KKM yükünün, dövizden dönenlerler birlikte Merkez Bankası’na yüklenmesinin, yasaya aykırı olmasına rağmen Merkez Bankası'nın kamu kesimine geri dönüşü olmayan kredi vermesi gibi bir sonuç doğurduğu kaydedildi ve şu tespit yapıldı:
“Merkez Bankası, Türk lirası yaratarak, halk arasındaki deyimiyle “para basarak” bu maliyeti ödedi ve 2023 yılını 818,2 milyar lira 2024 yılını 700 milyarlira zararla kapattı. Merkez Bankası, KKM ödemeleri nedeniyle ortaya çıkan 1,5 trilyon lirayı aşan bu zararını karşılıncaya kadar Hazine’ye kar payı ödemeyecek. Dolayısıyla da Hazine bu kadar bir gelirden mahrum kalacaktır.
Merkez Bankasının karşılıksız olarak bu kadar bir para yaratması, bu gün kırılamayan enflasyon döngüsünün en önemli nedenidir. Enflasyonu paranın değer kaybetmesi olarak kabul edersek, bu kadar bir karşılıksız para basılması doğal olarak paranın değerini düşürecek enflasyonu körükleyecekti. Nitekim öyle de oldu."
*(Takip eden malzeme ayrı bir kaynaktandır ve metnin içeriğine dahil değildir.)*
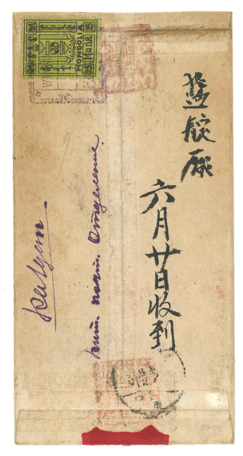 布爾干寄張家口。紅條封,背貼蒙古第三版25x2,銷布爾干方形紫色日戳,旁鈐掛號章。12.7經北京。正背分別加貼帆船1分 + 3分及欠資票2分x2 + 1角,前者以郵戳邊緣滾銷,後者銷張家口到達戳。Hellrigl著《The Postal History of Mongolia 1841-1941》第221頁圖156原件。(Image 1)

CHP’nin muhalefet şerhinin aktardığım bu kısmı, enflasyonun bütün suçunu başka dinamiklere atan iktidara anlayışını da deşifre etmesi bakımından önem taşıyor. Çünkü ekonomi yönetiminde yer alanlar, sık sık KKM yükünün ne kadar azaldığı bilgisini verse de bunun arkasında yatan gerçek sebepleri “işlerine gelmediği” için paylaşmıyor.
KÖİ yükü
Öte yandan Kamu Özel İşbirliği (KÖİ) projeleri için işletici şirketlere aktarılan kaynaklar da bugünkü gelir dağılımında ve yoksula emekçiye “yok” denilen kaynaklar açısından saklanan bir gerçekliği temsil ediyor. Gelecek yıl Karayolları Genel Müdürlüğü ile Ulaştırma ve Altyapı Bakanlığı kapsamındaki KÖİ projeleri için 101,8 milyar TL kaynak ayrıldı. Şehir hastaneleri için aktarılacak kullanım ve pizmet bedelleri eklendiğinde bu tutar 238 milyar TL’ye ulaşacak.
Dolayısıyla, Cumhurbaşkanı Yardımcısı Yılmaz’ın 2026 yılı bütçesini tanımlarken ifade ettiği istikrar ve refahın kimin için olduğu, her fırsatta sorulsa yeridir.